On a year-to-date basis, sales in the Filtration & Separations Group increased 2.9 percent to $42.6 million from $41.4 million in the prior year. This includes a $1.7 million reduction in sales to Safety-Kleen from 2000 to 2001. Excluding Safety-Kleen, sales in this group have increased 7.5 percent for the first six months of the year. For the first six months ended June 30, 2001, this segment had gross profit of $16.1 million, up 5.8 percent over $15.3 million for the same period last year. This increase is primarily due to a favorable sales mix in membrane element products, and overcomes higher utility costs of $0.4 million ($0.02 per fully diluted share) in California. We are seeing a slight increase in activity for this Group, but cannot be certain if it is sustainable.
The Process Water Group reported an increase in sales of 12.0 percent to $22.3 million for the second quarter ended June 30, 2001 from $19.9 million for the same period in 2000. Gross profit increased to $6.5 million from $5.1 million for the same periods. Sales increased by 12.2 percent to $44.3 million from $39.4 million for the six months ended June 30, 2001 compared to the prior year. Gross profit increased $2.2 million over the same time period with gross margins improving from 26.0 percent in 2000 to 28.2 percent in 2001. The gross profit and margin improvements are primarily due to increased sales volume, improved utilization of manufacturing capacity and cost reductions resulting from year 2000 restructurings and plant closures.

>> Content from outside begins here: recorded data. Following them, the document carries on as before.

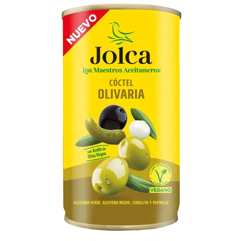 Jolca Coctel Olivaria c’est un mélange harmonieux d'olives vertes (Manzanilla) et d'olives Gordal, réputées pour leur chair ferme et savoureuse avec une marinade unique à base d'épices méditerranéennes, d'ail et de poivrons qui sublime le fruit sans en masquer le goût originel.
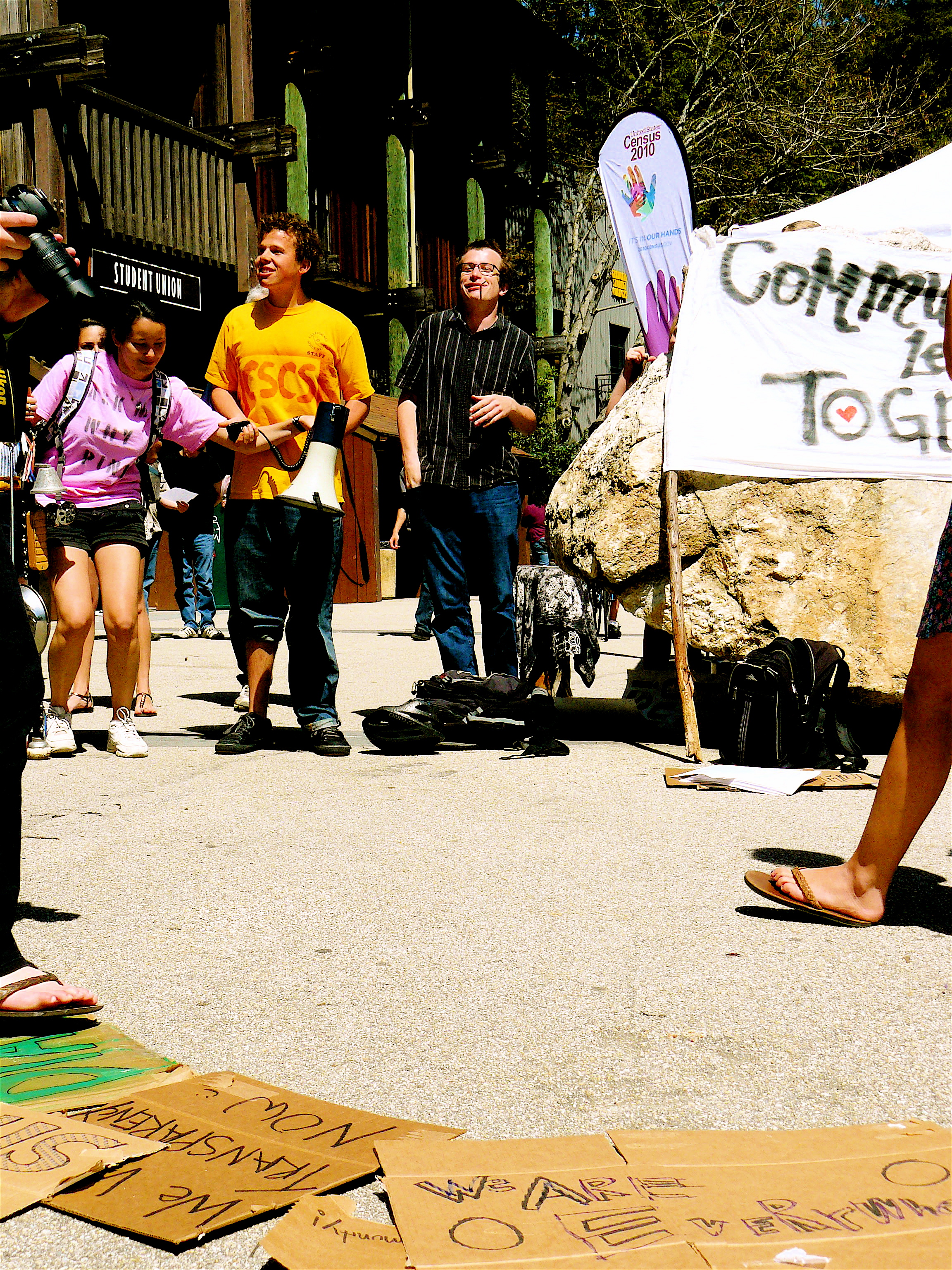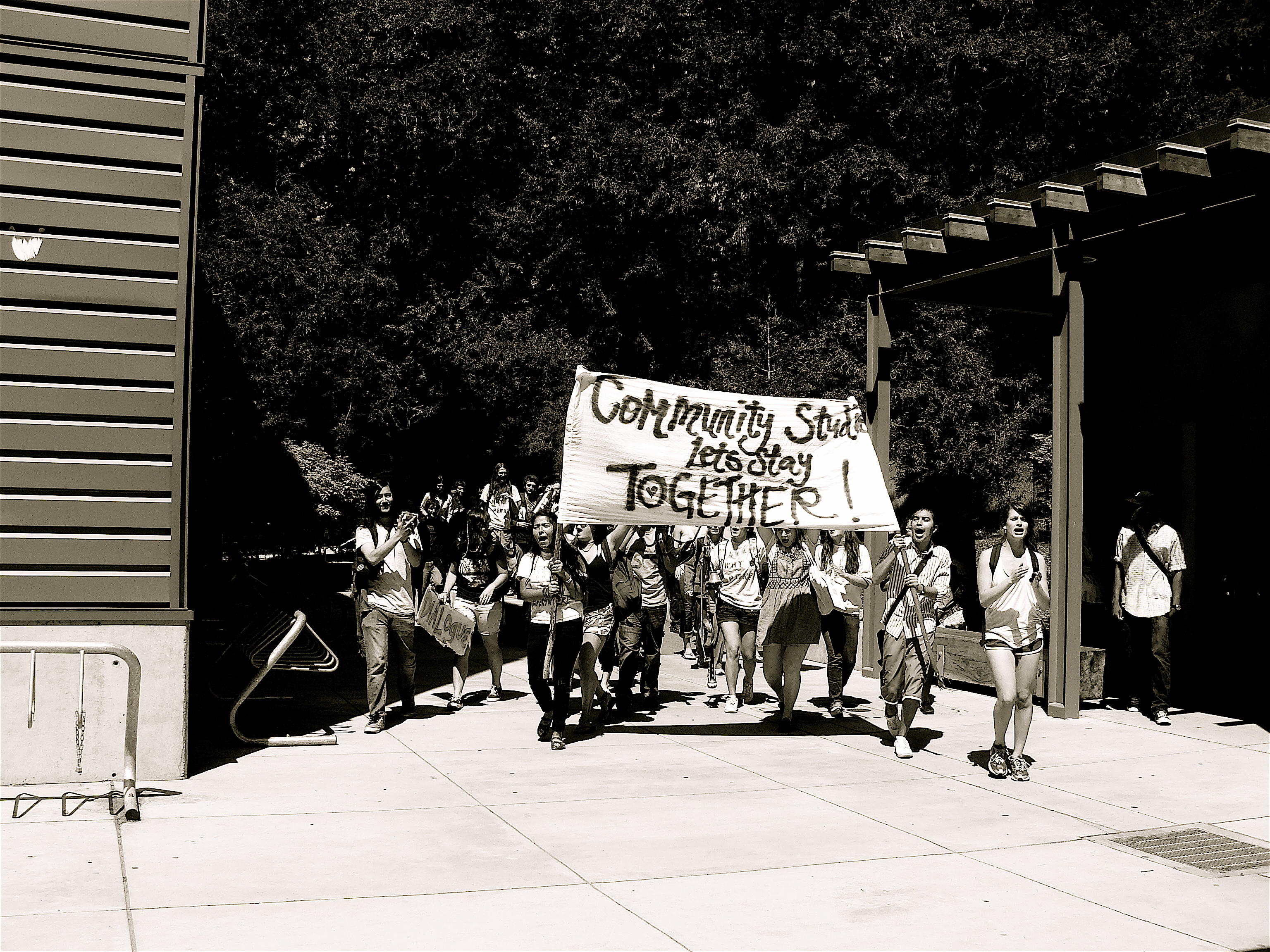 On April 7, 2010 an email was sent out by Allison Galloway who announced that Dean Kamieniecki has decided to suspend the Community Studies major. In response to this announcement, UCSC Community students and a variety of students from different departments got together and marched around campus to protest this atrocious decision. Apparently social change is not profitable according to UCSC 'priorities'. This decision many CMMU Faculty feel alienated and silenced throughout this administrative process.
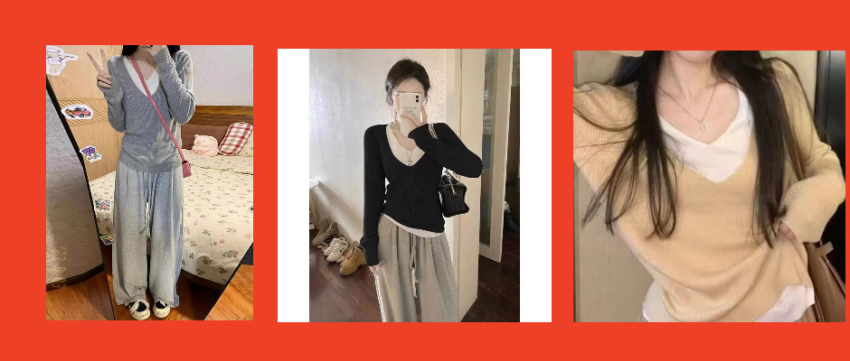 假两件v领毛衣针织衫女2023秋冬新款修身显瘦灰色内搭打底上衣潮 黑色 L
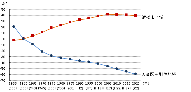| 【天竜区】 | 1960(S35) | 1975年(S50) | 1990年(H2) | 2005年(H17) | 2010年(H22) | 2015年(H27) | 2020年(R2) | ||||||
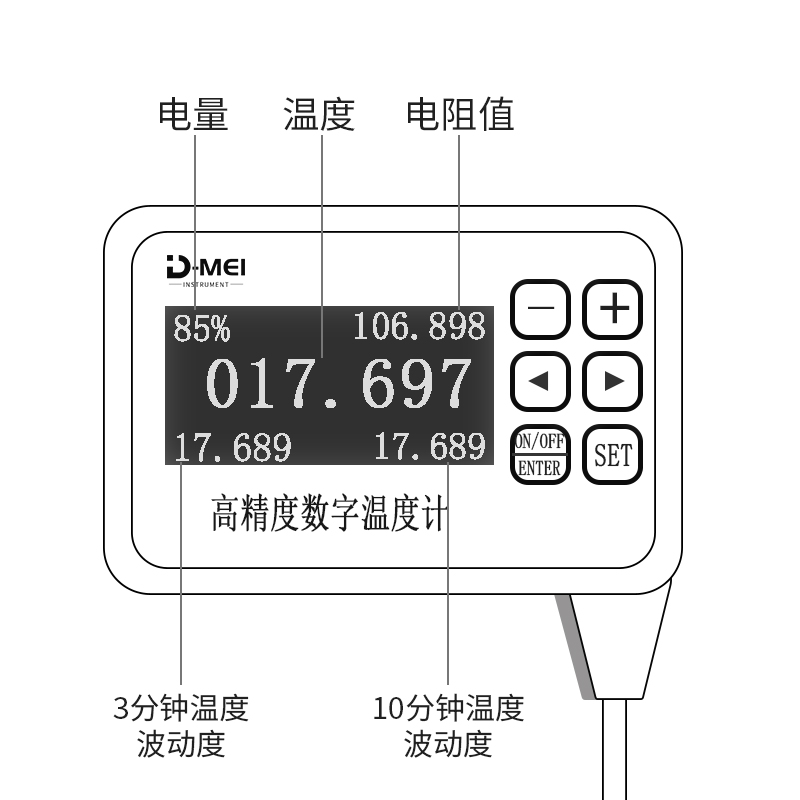功能 | 實時顯示當(dāng)前溫度、電量顯示、電阻值、溫度波動 度、10分鐘溫度波動度自動跟蹤計算、測試功能 | |
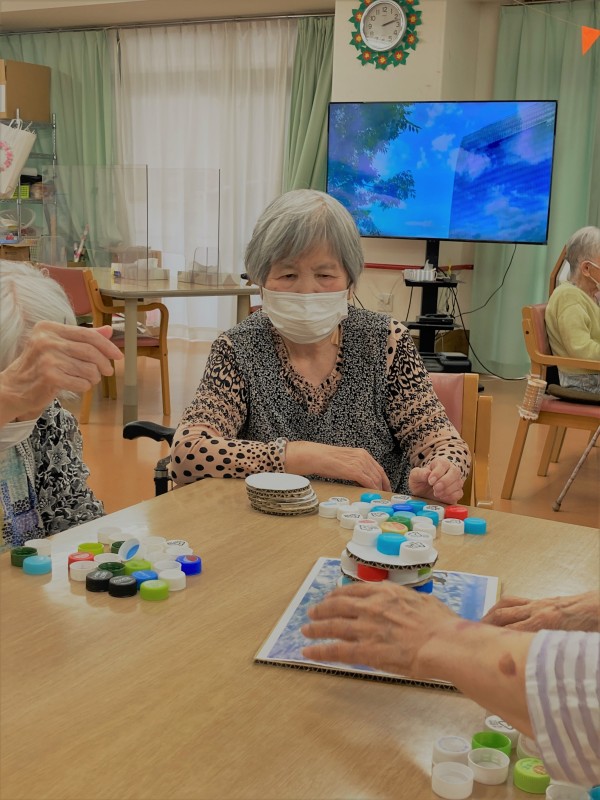 2チームで行いましたー。今回はオセロで使った石の上にキャップを7つ置いた後、石を重ねるようにして同じ作業を繰り返すルールです。さながらサンドイッチ!
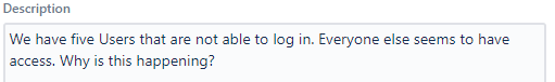 For example, "We have five Users that are not able to log in. Everyone else seems to have access. Why is this happening?".

Sales in the Household Water Group decreased by $1.0 million currency adjusted (10 percent) in the second quarter ended June 30, 2001 from $10.2 million in 2000 to $9.2 million in 2001. The decrease in sales is the result of the continued economic slowdown and customer inventory adjustments. Adjusted for currency, gross profit declined for the same period to $2.7 million in 2001 from $3.1 million in 2000. On a local currency basis, sales for six months ended June 30, 2001 decreased by $2.0 million from $20.4 million in 2000 to $18.4 million in 2001, and gross profit declined by $0.8 million from $6.4 million in 2000 to $5.6 million in 2001. The decline in profitability is primarily related to the reduced sales volume and resultant lower utilization of manufacturing capacity. As a result, the Household Water Group moved to reduce its staff and management levels to match the current and anticipated business needs and recorded one-time severance charges of $0.2 million in the second quarter of 2001.
The total corporate backlog of unfilled orders at June 30, 2001 was $25.0 million, an increase of $0.7 million from March 31, 2001 and an increase of $0.3 million from one year ago. The Process Water Groups backlog has not significantly changed from March 31, 2001, while both the Filtration & Separations and Household Water Groups backlogs are up slightly.
Cash flow from operations for the second quarter ended June 30, 2001 totaled $2.2 million, bringing total cash flow from operations to $3.1 million for the first half of 2001, an improvement of $6.7 million from the first half of 2000. This cash flow plus $2.1 million provided from the sale of investments was used to fund $4.3 million of capital expenditures focused on cost reduction and improved efficiency.
Earnings Before Interest, Taxes, Depreciation and Amortization (EBITDA) for the second quarter ended June 30, 2001 was $5.1 million, bringing EBITDA for the first half of 2001 to $12.6 million, up 5.6 percent compared to $11.9 million for the first half of 2000.